__Items from a data source__
++++++++++++++++++++
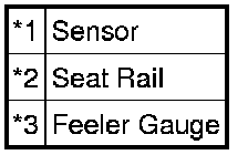 (2) Install a 1 mm (0.04 in.) feeler gauge between the seat rail and seat position sensor, as shown in the illustration.
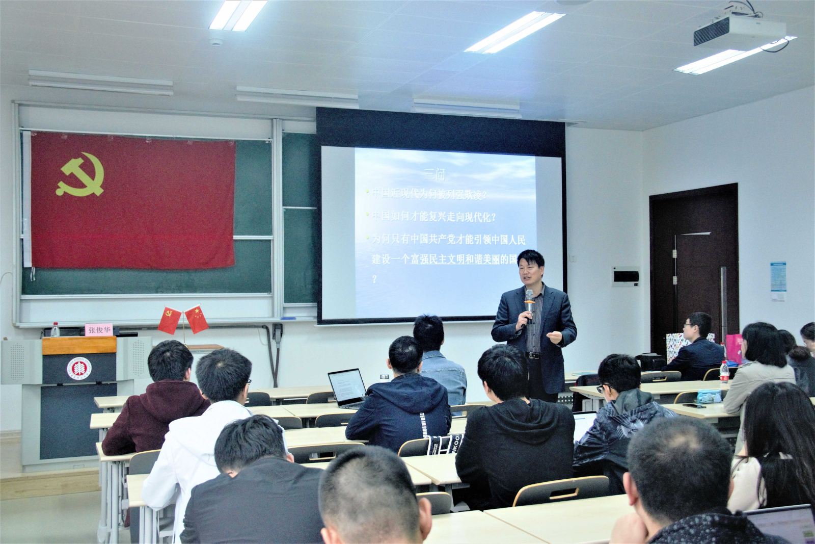 党校副校长张俊华老师为学员们带来了一场题为《理想••信仰••责任》的主题演讲。演讲之前,张俊华老师向同学们提出了引人深思的三个问题:中国近现代为何被列强欺凌?中国如何才能复兴走向现代化?为何只有中国共产党才能引领中国人民建设一个富强民主文明和谐美丽的国家?针对这三个问题,同学们纷纷发表了自己的看法。接着,张老师从中国近代历史入手,深入浅出地分析了中国遭受屈辱的原因。张老师指出,生活在和平年代的我们不应该铭记仇恨,但也不能忘记历史。对于当今的世界动荡局势,张老师认为祖国只有更加富足,更加强大,才能实现持续的和平、稳定和发展。我们此时正生长于最好的历史时期,更应该常怀感恩之心。紧接着,张老师对比了东西方科技的差距,讲述了老一辈科学家无私奉献的故事,指出理想和价值是指引人生奋斗的不竭动力,生活在新时代,作为一名未来的科学家、作为一名入党积极分子,更应该牢记自己的使命和责任,牢记中国共产党的宗旨是“一切从全中国人民的利益出发,全心全意为人民服务,不惜牺牲个人的一切,为实现共产主义奋斗终身”。张老师最后向大家提出期望,希望同学们在心中培育自己的理想、信仰和责任,并为之努力奋斗。
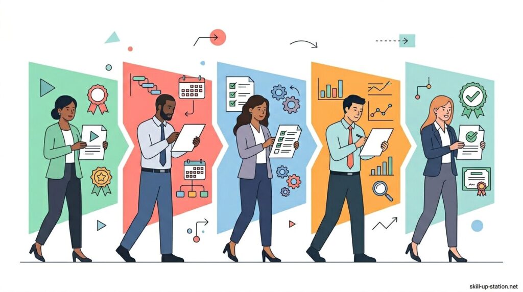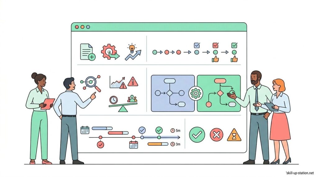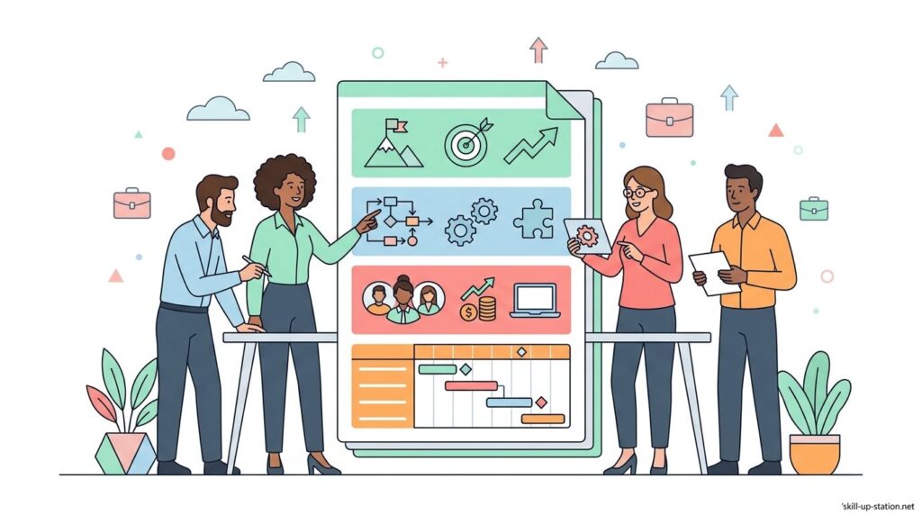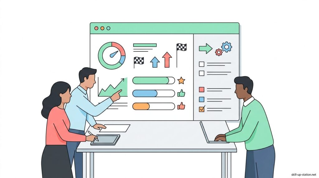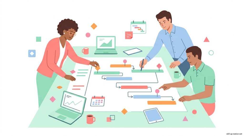 プロジェクトマネジメントでは、開始前に計画書やスコープ定義書で作業範囲・納期・担当者を数値と条件で確定し、WBSやスケジュール計画書でタスクを1日から3日単位に分解して日付ベースで管理します。
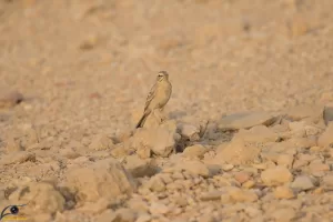 The tawny pipit (Anthus campestris) is a medium-large passerine bird which breeds in much of temperate Europe and Asia, and northwest Africa. It is a migrant moving in winter to tropical Africa and the Indian Subcontinent. The scientific name is from Latin. Anthus is the name for a small bird of grasslands, and the specific campestris means "of the fields". This is a large pipit, 16 centimetres (6.3 in) long with wing-span 25–28 centimetres (9.8–11.0 in),[3] but is an undistinguished looking species on the ground, mainly sandy brown above and pale below. It is very similar to Richard's pipit, but is slightly smaller, has shorter wings, tail and legs and a narrower dark bill. It is also less streaked. Its flight is strong and direct, and it gives a characteristic "schip" call, higher pitched than Richard's. Its song is a short repetition of a loud disyllabic chir-ree chir-ree. In south Asia, in winter some care must be taken to distinguish this from other large pipits which winter or are resident in the area, including Richard's pipit, Blyth's pipit and paddyfield pipit. Tawny pipit is insectivorous, like its relatives. The breeding habit is dry open country including semi-deserts. The nest is on the ground, with 4-6 eggs being laid. In Pakistan, Tawny Pipits are common winter visitor, preferring uncultivated barren tracts,from the foothills of KPK, Sind and Punjab, including eastern desert regions. Largely absent from Baluchistan except across Makran.
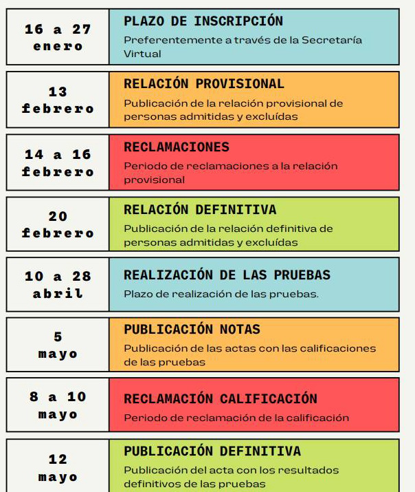 Este curso 2022/2023 se llevará a cabo, una única convocatoria de pruebas de acceso en el mes de abril y el plazo de solicitudes será del 16 al 27 de enero de 2023.
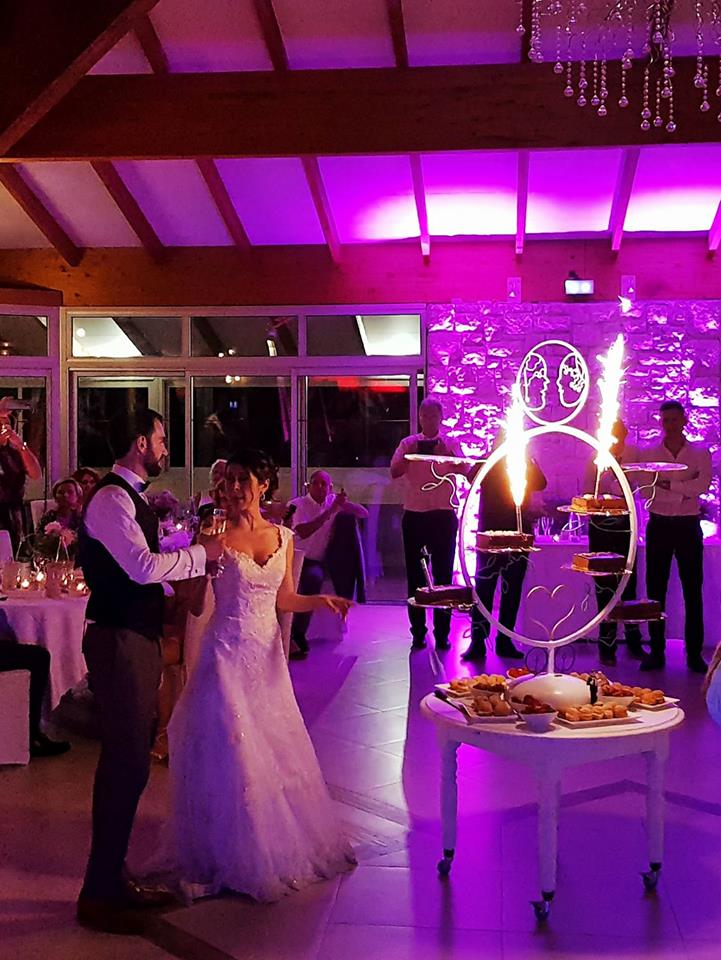 Nous pouvons également créer des effets scéniques spectaculaires pour votre entrée en salle, l'arrivée du gâteau ou l'ouverture du bal, avec des  jets de scène en machine à jet d'étincelles froides et une machine à fumée lourde pour un effet mémorable.
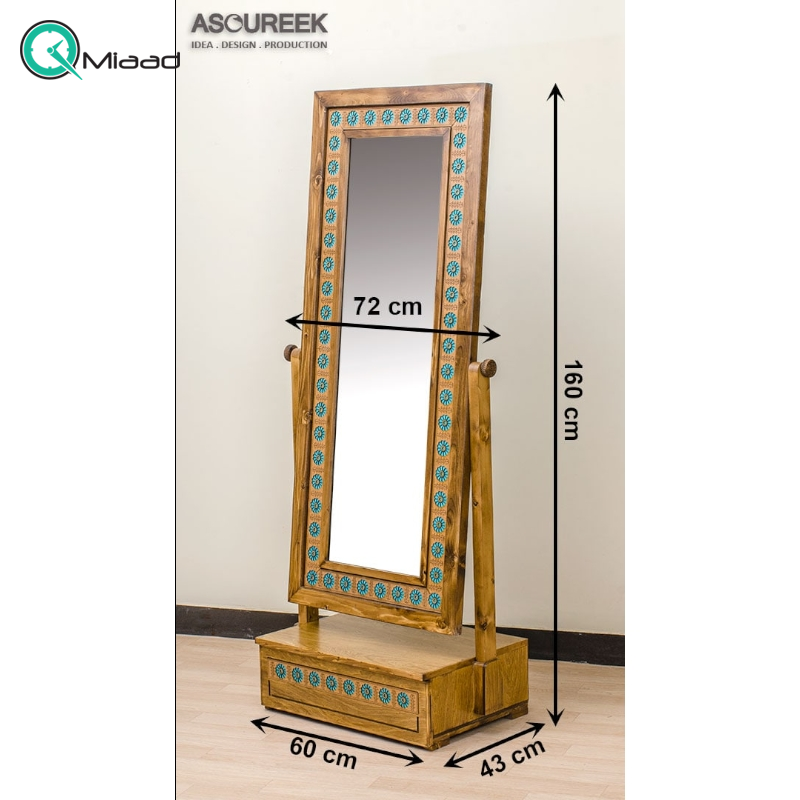 آینه چوبی و بسیار زیبا و ساده که سایز نسبتا مناسبی دارد و به صورت قدی می توانید از این آینه استفاده کنید. جنس این آینه، شیشهای بوده و حاشیه بینظیر آن از جنس چوب است که نمای شیک و خاصی را به دکوراسیون محیط اطراف شما میبخشد. از موارد كاربرد این آینه میتوان به استفاده از آن در فضاهای داخلی، سالنها، محیطهای لوکس و لاکچری مسكوني، تجاري، اداري، سالنهای زیبایی، آتلیهها و تالارهاي لوكس پذيرايي و… اشاره کرد. چوب بکار رفته در حاشیه این محصول از چوب روسی تهیه شده از درخت نراد است. این آینه به یک کشو مجهز شده است که می توانید وسایل مورد نیاز را در این کشو نگهداری کنید.
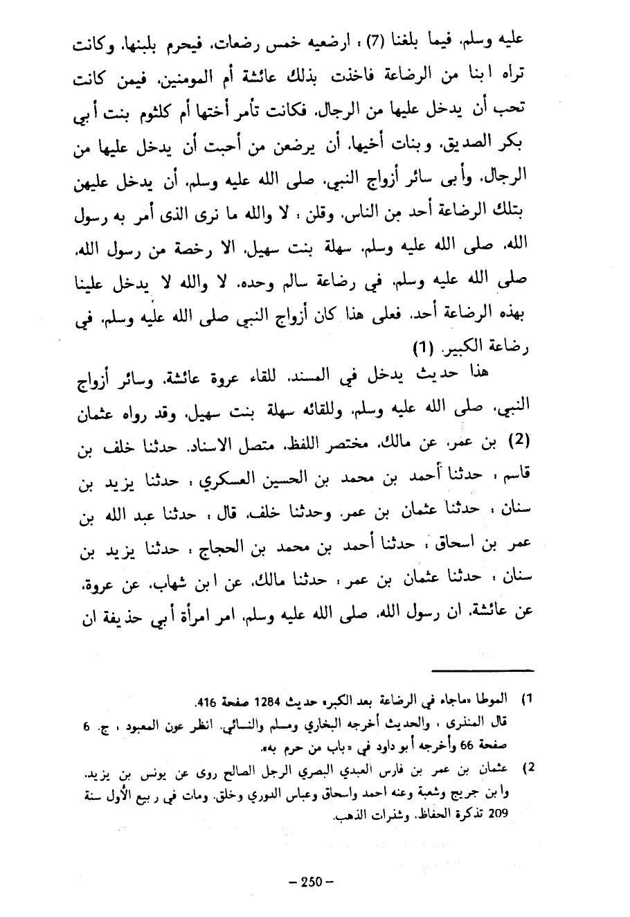 عَلَيْهِ وَسَلَّمَ فِيمَا بَلَغَنَا أَرْضِعِيهِ خَمْسَ رَضَعَاتٍ فَيَحْرُمُ بِلَبَنِهَا وَكَانَتْ تَرَاهُ ابْنًا مِنَ الرَّضَاعَةِ فَأَخَذَتْ بِذَلِكَ عَائِشَةُ أُمُّ الْمُؤْمِنِينَ فِيمَنْ كَانَتْ تُحِبُّ أَنْ يَدْخُلَ عَلَيْهَا مِنَ الرِّجَالِ فَكَانَتْ تَأْمُرُ أُخْتَهَا أُمَّ كُلْثُومٍ بِنْتَ أَبِي بَكْرٍ الصِّدِّيقِ وَبَنَاتِ أَخِيهَا أَنْ يُرْضِعْنَ مَنْ أَحَبَّتْ أَنْ يَدْخُلَ عَلَيْهَا مِنَ الرِّجَالِ وَأَبَى سَائِرُ أَزْوَاجِ النَّبِيِّ صَلَّى اللَّهُ عَلَيْهِ وَسَلَّمَ إِنْ يَدْخُلَ عَلَيْهِنَّ بِتِلْكَ الرَّضَاعَةِ أَحَدٌ مِنَ النَّاسِ وَقُلْنَ لَا وَاللَّهِ مَا نَرَى الَّذِي أَمَرَ بِهِ رَسُولُ اللَّهِ صَلَّى اللَّهُ عَلَيْهِ وَسَلَّمَ سَهْلَةَ بِنْتَ سُهَيْلٍ إِلَّا رُخْصَةً مِنْ رَسُولِ اللَّهِ صَلَّى اللَّهُ عَلَيْهِ وَسَلَّمَ فِي رَضَاعَةِ سَالِمٍ وَحْدَهُ لَا وَاللَّهِ لَا يَدْخُلُ عَلَيْنَا بِهَذِهِ الرَّضَاعَةِ أَحَدٌ فَعَلَى هَذَا كَانَ أَزْوَاجُ النَّبِيِّ صَلَّى اللَّهُ عَلَيْهِ وَسَلَّمَ فِي رَضَاعَةِ الْكَبِيرِ هَذَا حَدِيثٌ يَدْخُلُ فِي الْمُسْنَدِ لِلِقَاءِ عُرْوَةَ عَائِشَةَ وَسَائِرِ أَزْوَاجِ النَّبِيِّ صَلَّى اللَّهُ عَلَيْهِ وَسَلَّمَ وَلِلِقَائِهِ سَهْلَةَ بِنْتَ سُهَيْلٍ وَقَدْ رَوَاهُ عُثْمَانُ بْنُ عُمَرَ عَنْ مَالِكٍ مُخْتَصَرَ اللَّفْظِ مُتَّصِلَ الْإِسْنَادِ حَدَّثَنَا خَلَفُ بْنُ قَاسِمٍ حَدَّثَنَا أَحْمَدُ بْنُ مُحَمَّدِ بْنِ الْحُسَيْنِ الْعَسْكَرِيُّ حدثنا يزيد بن سنان حدثنا عثمان بن عُمَرَ وَحَدَّثَنَا خَلَفٌ قَالَ حَدَّثَنَا عَبْدُ اللَّهِ بْنُ عُمَرَ بْنِ إِسْحَاقَ حَدَّثَنَا أَحْمَدُ بْنُ مُحَمَّدِ بْنِ الْحَجَّاجِ حَدَّثْنَا يَزِيدُ بْنُ سِنَانٍ حَدَّثَنَا عُثْمَانُ بْنُ عُمَرَ حَدَّثَنَا مَالِكٌ عَنِ ابْنِ شِهَابٍ عَنْ عُرْوَةَ عَنْ عَائِشَةَ أَنَّ رَسُولَ اللَّهِ صَلَّى اللَّهُ عَلَيْهِ وسلم أمر امْرَأَةَ أَبِي حُذَيْفَةَ أَنْ
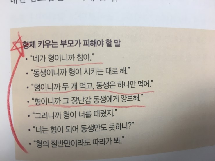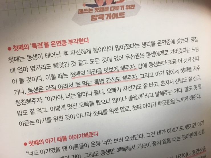 - 동생이 첫째의 물건을 망가뜨리거나 첫째를 귀찮게 괴롭힐때 '아기니까 봐주자' 라고 첫째에게 요구해선 안된다.
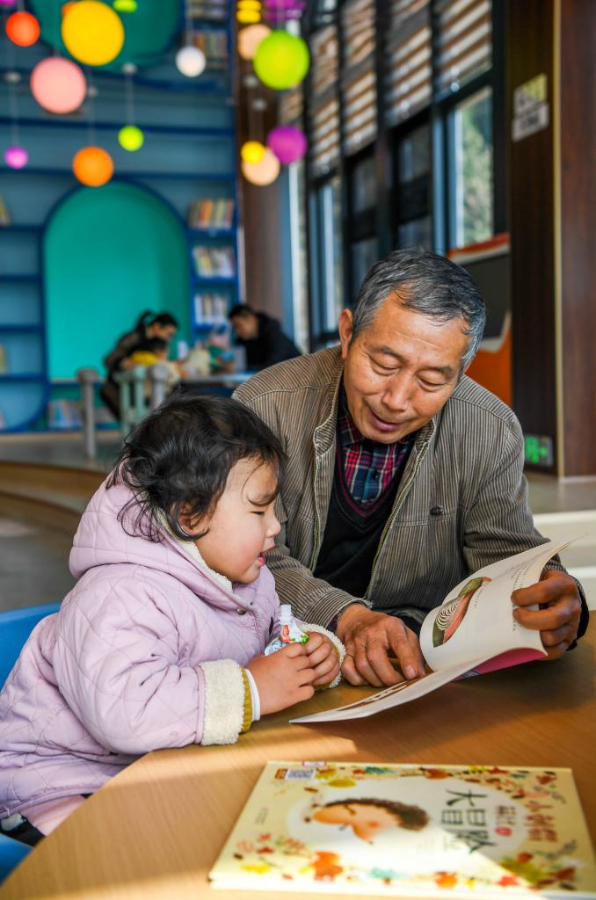 1月4日,一名家长带着孩子在江西省宜春市袁州区珠泉街道狮子山公园城市书房内阅读。
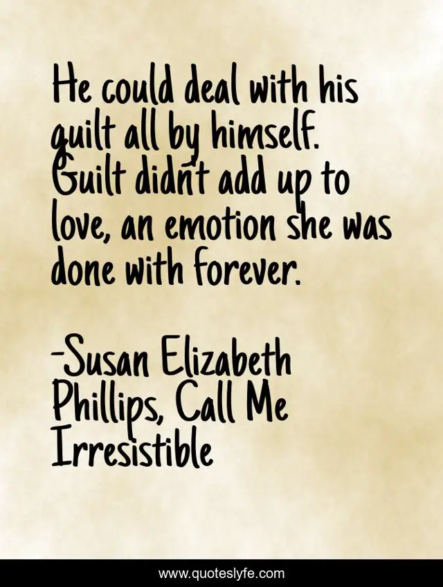 "Susan Elizabeth Phillips, Call Me Irresistible Quotes." Quoteslyfe.com, 2025. Mon. 08 Dec. 2025. <https://www.quoteslyfe.com/quote/He-could-deal-with-his-guilt-all-223401>.
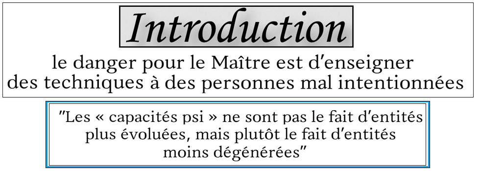 Les Pouvoirs touchent tout le monde et peut parfois éveiller des sentiments profonds et mitigés. Certains ne croiront pas, d'autres seront jaloux de voir les pouvoirs des autres dont ils sont dépourvus. D'autres encore pourraient devenir méfiants en sachant qu'il est possible, entre autre, de lire leurs pensées. Parler de POUVOIRS c'est passer à une phase très concrète de notre démarche ésotérique. Quels sont les véritables motifs derrière le désir d'acquérir des pouvoirs ? Comment faire passer une action du plan causal -NOUMÉNAL- au plan concret, matériel et visible -PHÉNOMÉNAL-?Le danger pour le maître est d'enseigner des techniques à des personnes mal intentionnées. Une fois connues la technique ne peut pas être retirer à l'élève. Le défi pour l'adepte est de maintenir son équilibre et ne pas devenir obsédé.Est-ce que tout le monde a des pouvoirs psioniques ? Non.Le simple fait d'avoir des mains ne fait pas de nous un pianiste.De la même manière, le simple fait d'avoir de l'Esprit ne nous procure pas des pouvoirs PSI.Une personne peut avoir la faculté sans en avoir les pouvoirs qui l'accompagne. Ainsi, quelqu'un peut avoir la faculté de se souvenir de ses rêves, de se projeter dans le temps et l'espace, de faire de la télépathie sans pour autant avoir le pouvoir de le faire.
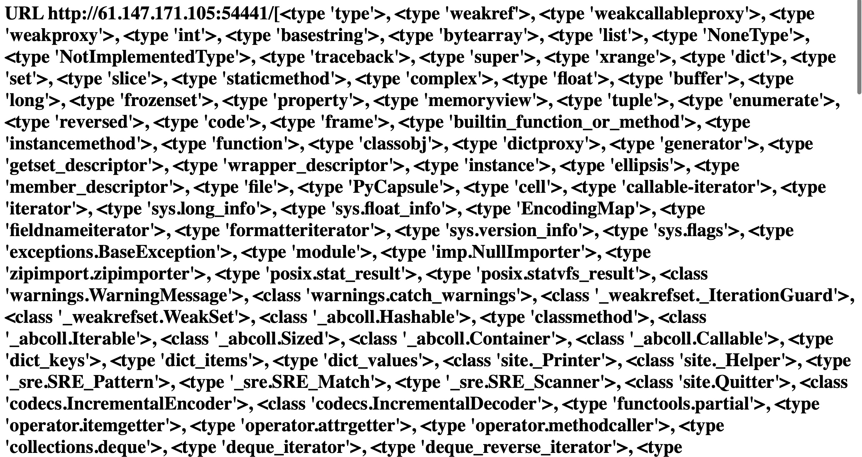 可以看到获取到了两个基类,我们选用 mro[1] 获取其中一个基类,然后再在这个基类里面调取他所有可用的子类,构造 [].__class__.__mro__[1].__subclasses__() 发送,获取到所有子类:
++++++++++++++++++++
__EXERCISE DETAILS__
Write out again the lines from the one with "Elizabeth Phillips, Call" through the end of the records exactly, without any of the pictures.

__WRITTEN RESPONSE__
 "Susan Elizabeth Phillips, Call Me Irresistible Quotes." Quoteslyfe.com, 2025. Mon. 08 Dec. 2025. <https://www.quoteslyfe.com/quote/He-could-deal-with-his-guilt-all-223401>.
 Les Pouvoirs touchent tout le monde et peut parfois éveiller des sentiments profonds et mitigés. Certains ne croiront pas, d'autres seront jaloux de voir les pouvoirs des autres dont ils sont dépourvus. D'autres encore pourraient devenir méfiants en sachant qu'il est possible, entre autre, de lire leurs pensées. Parler de POUVOIRS c'est passer à une phase très concrète de notre démarche ésotérique. Quels sont les véritables motifs derrière le désir d'acquérir des pouvoirs ? Comment faire passer une action du plan causal -NOUMÉNAL- au plan concret, matériel et visible -PHÉNOMÉNAL-?Le danger pour le maître est d'enseigner des techniques à des personnes mal intentionnées. Une fois connues la technique ne peut pas être retirer à l'élève. Le défi pour l'adepte est de maintenir son équilibre et ne pas devenir obsédé.Est-ce que tout le monde a des pouvoirs psioniques ? Non.Le simple fait d'avoir des mains ne fait pas de nous un pianiste.De la même manière, le simple fait d'avoir de l'Esprit ne nous procure pas des pouvoirs PSI.Une personne peut avoir la faculté sans en avoir les pouvoirs qui l'accompagne. Ainsi, quelqu'un peut avoir la faculté de se souvenir de ses rêves, de se projeter dans le temps et l'espace, de faire de la télépathie sans pour autant avoir le pouvoir de le faire.
 可以看到获取到了两个基类,我们选用 mro[1] 获取其中一个基类,然后再在这个基类里面调取他所有可用的子类,构造 [].__class__.__mro__[1].__subclasses__() 发送,获取到所有子类:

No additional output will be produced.